▸ **REQUIRED WORK**
The expected output is an exact copy of each line from the line with "团队首次构建占比总属数98." through the end of the data below, with no pictures in it.

[Records drawn from a dataset]

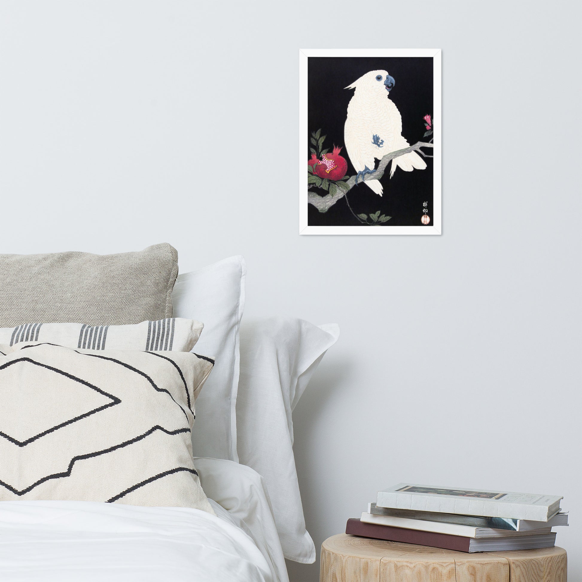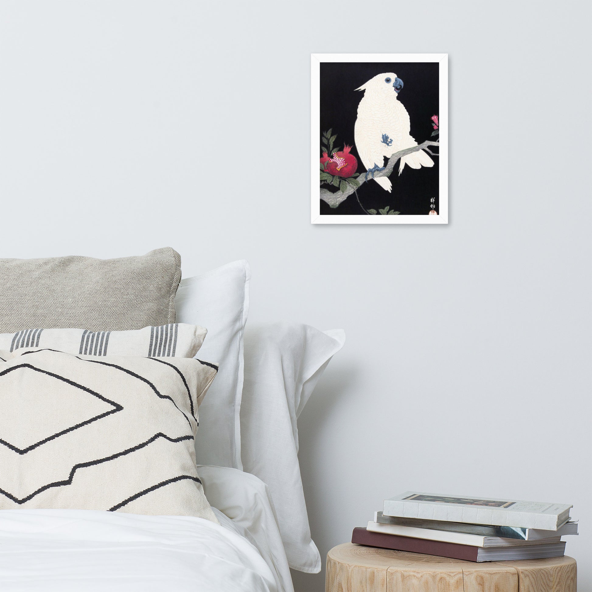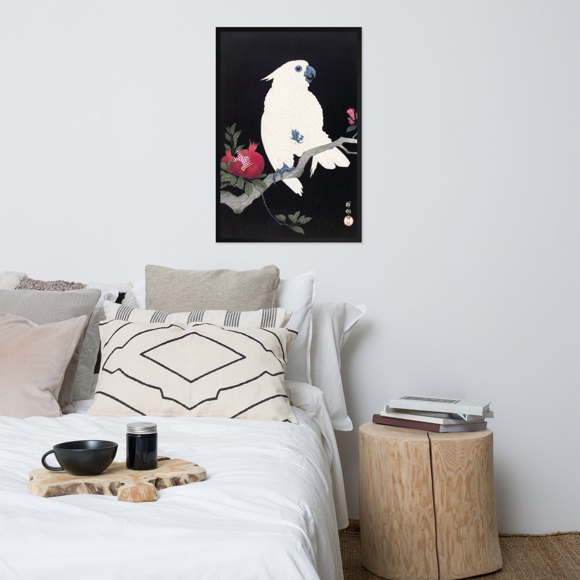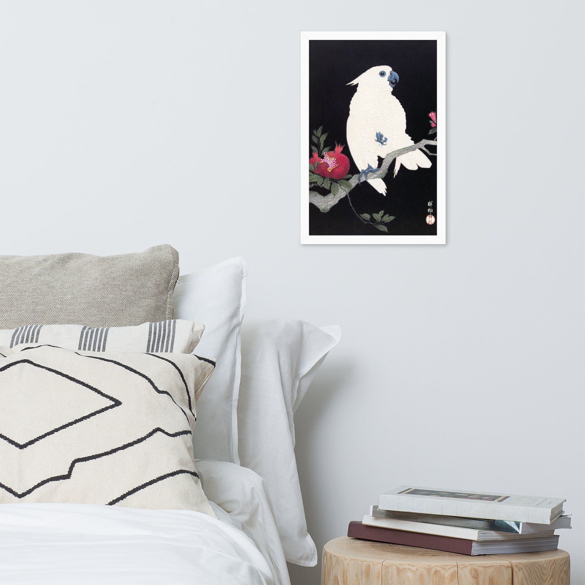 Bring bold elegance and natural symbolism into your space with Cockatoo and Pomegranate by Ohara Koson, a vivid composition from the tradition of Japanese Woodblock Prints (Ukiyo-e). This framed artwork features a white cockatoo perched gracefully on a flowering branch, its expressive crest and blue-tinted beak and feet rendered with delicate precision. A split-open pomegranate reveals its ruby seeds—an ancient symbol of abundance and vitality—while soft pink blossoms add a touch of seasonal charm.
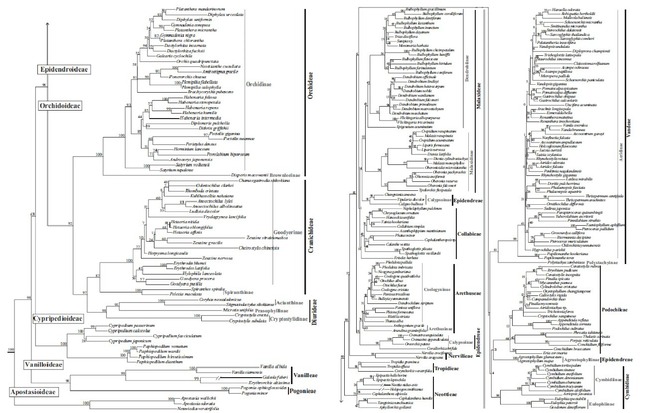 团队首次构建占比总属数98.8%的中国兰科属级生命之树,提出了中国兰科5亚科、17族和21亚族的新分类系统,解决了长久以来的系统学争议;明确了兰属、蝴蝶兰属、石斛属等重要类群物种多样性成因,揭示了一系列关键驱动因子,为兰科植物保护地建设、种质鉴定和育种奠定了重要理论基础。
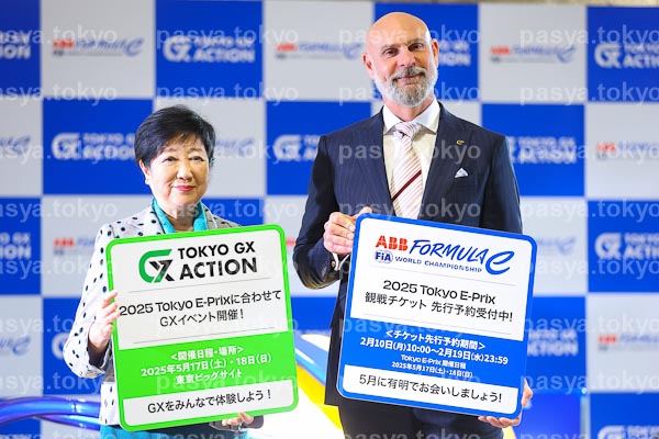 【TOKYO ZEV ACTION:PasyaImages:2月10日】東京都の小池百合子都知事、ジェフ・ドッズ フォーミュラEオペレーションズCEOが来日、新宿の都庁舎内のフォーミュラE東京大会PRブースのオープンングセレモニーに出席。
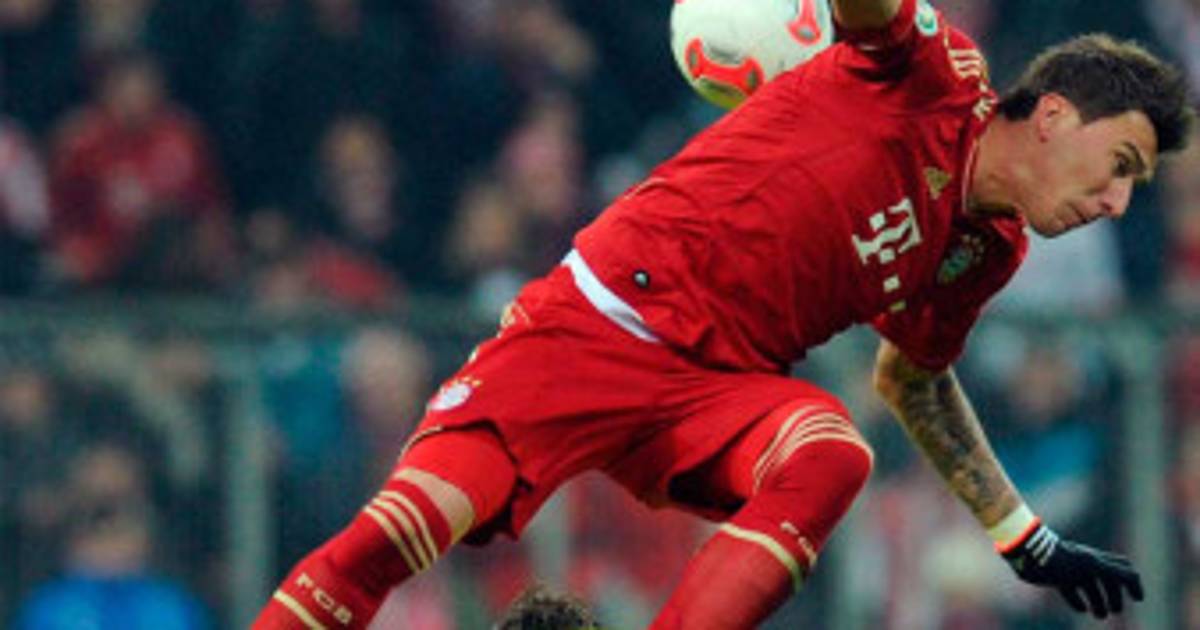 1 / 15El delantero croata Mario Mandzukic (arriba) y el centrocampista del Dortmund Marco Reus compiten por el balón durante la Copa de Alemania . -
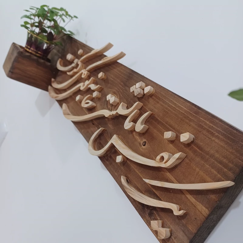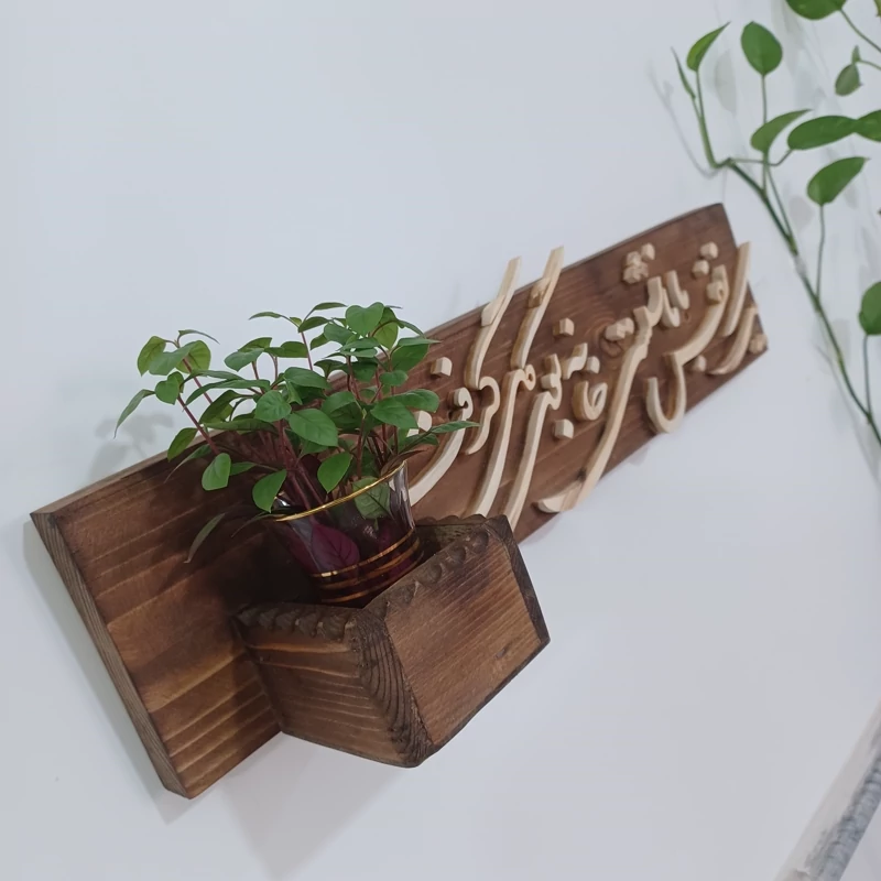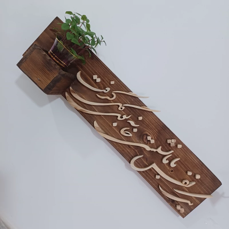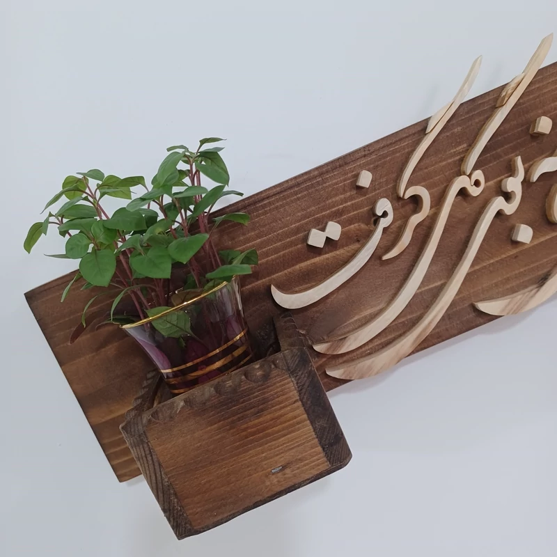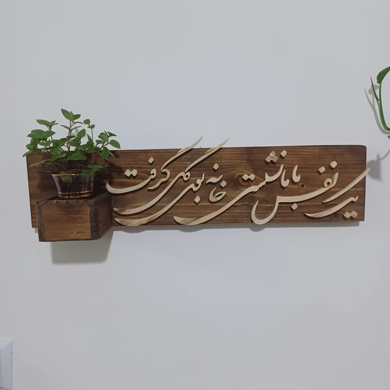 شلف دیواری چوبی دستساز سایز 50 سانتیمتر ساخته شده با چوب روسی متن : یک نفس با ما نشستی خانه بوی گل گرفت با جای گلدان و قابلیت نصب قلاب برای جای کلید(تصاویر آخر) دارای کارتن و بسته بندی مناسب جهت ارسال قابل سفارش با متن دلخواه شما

▸ **ANSWER TO THIS EXERCISE**
 团队首次构建占比总属数98.8%的中国兰科属级生命之树,提出了中国兰科5亚科、17族和21亚族的新分类系统,解决了长久以来的系统学争议;明确了兰属、蝴蝶兰属、石斛属等重要类群物种多样性成因,揭示了一系列关键驱动因子,为兰科植物保护地建设、种质鉴定和育种奠定了重要理论基础。
 【TOKYO ZEV ACTION:PasyaImages:2月10日】東京都の小池百合子都知事、ジェフ・ドッズ フォーミュラEオペレーションズCEOが来日、新宿の都庁舎内のフォーミュラE東京大会PRブースのオープンングセレモニーに出席。
 1 / 15El delantero croata Mario Mandzukic (arriba) y el centrocampista del Dortmund Marco Reus compiten por el balón durante la Copa de Alemania . -
 شلف دیواری چوبی دستساز سایز 50 سانتیمتر ساخته شده با چوب روسی متن : یک نفس با ما نشستی خانه بوی گل گرفت با جای گلدان و قابلیت نصب قلاب برای جای کلید(تصاویر آخر) دارای کارتن و بسته بندی مناسب جهت ارسال قابل سفارش با متن دلخواه شما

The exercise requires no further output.